Solved My 2023 Platform Crisis
OxygenXML FTW
I faced a bit of a platform crisis over the summer.
For the past several years I've been using OxygenXML to generate our help documentation. I genuinely like this tool. It's the most affordable and customizable of any I've found out there, and it's produced by a passionate team of developers who are always working to improve it.
That said, it is not the best website builder. And to be fair, it's not meant strictly as a web publishing tool like a static site generator or WordPress. It is designed for omnichannel publishing ("write once, publish anywhere").
Because my company doesn't produce user documentation in multiple formats, a CCMS is both overly complex and overly powerful for what we need. That led me to test out MkDocs a few months ago. My goal was to remove the XML layer between my content and web output and reduce the complexity in our back end processing.

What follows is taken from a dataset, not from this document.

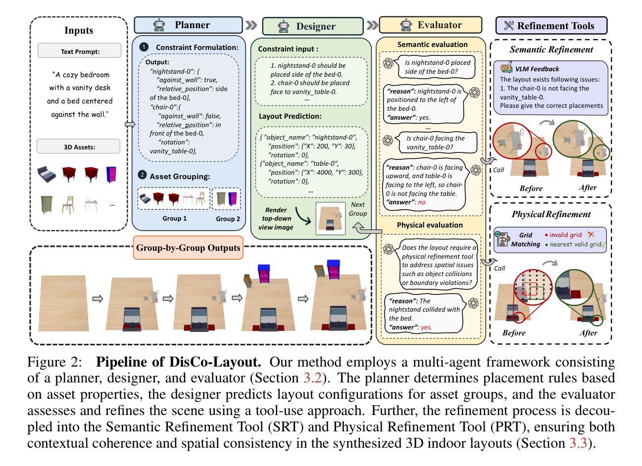 本文介绍了室内三维布局合成的重要性及其对虚拟环境创建的影响。传统的合成方法受限于固定数据集,难以实现泛化。最近基于LLM和VLM的方法虽然提高了语义丰富性,但在灵活性和鲁棒性方面存在不足,导致布局结果不尽人意。本文提出了一种新型框架DisCo-Layout,该框架能够分离和协调物理和语义的修正,包括独立的修正和协作的修正。独立的修正通过语义修正工具(SRT)和物理修正工具(PRT)实现,分别负责纠正抽象对象关系和解决具体的空间问题。协作修正则通过一个多智能体框架进行工具的智能编排,包括放置规则规划器、初始布局设计师和评估器。实验证明,DisCo-Layout在生成真实、连贯、泛化的室内三维布局方面具有领先水平。

However, it came to my attention recently that structured content, namely XML/DITA, is well-positioned for emerging technology like AI and chatbots, and that settled it for me.
I'm going to continue using OxygenXML and by extension, DITA, but I'm going to use it better.
Specifically I plan to leverage:
- Metadata
- Audience filtering
- Content reuse (e.g., keyrefs)
- Created and revised dates
These features will improve personalization, content updates, and content management, among other things.
I'm also going to work harder at customizing WebHelp templates and output.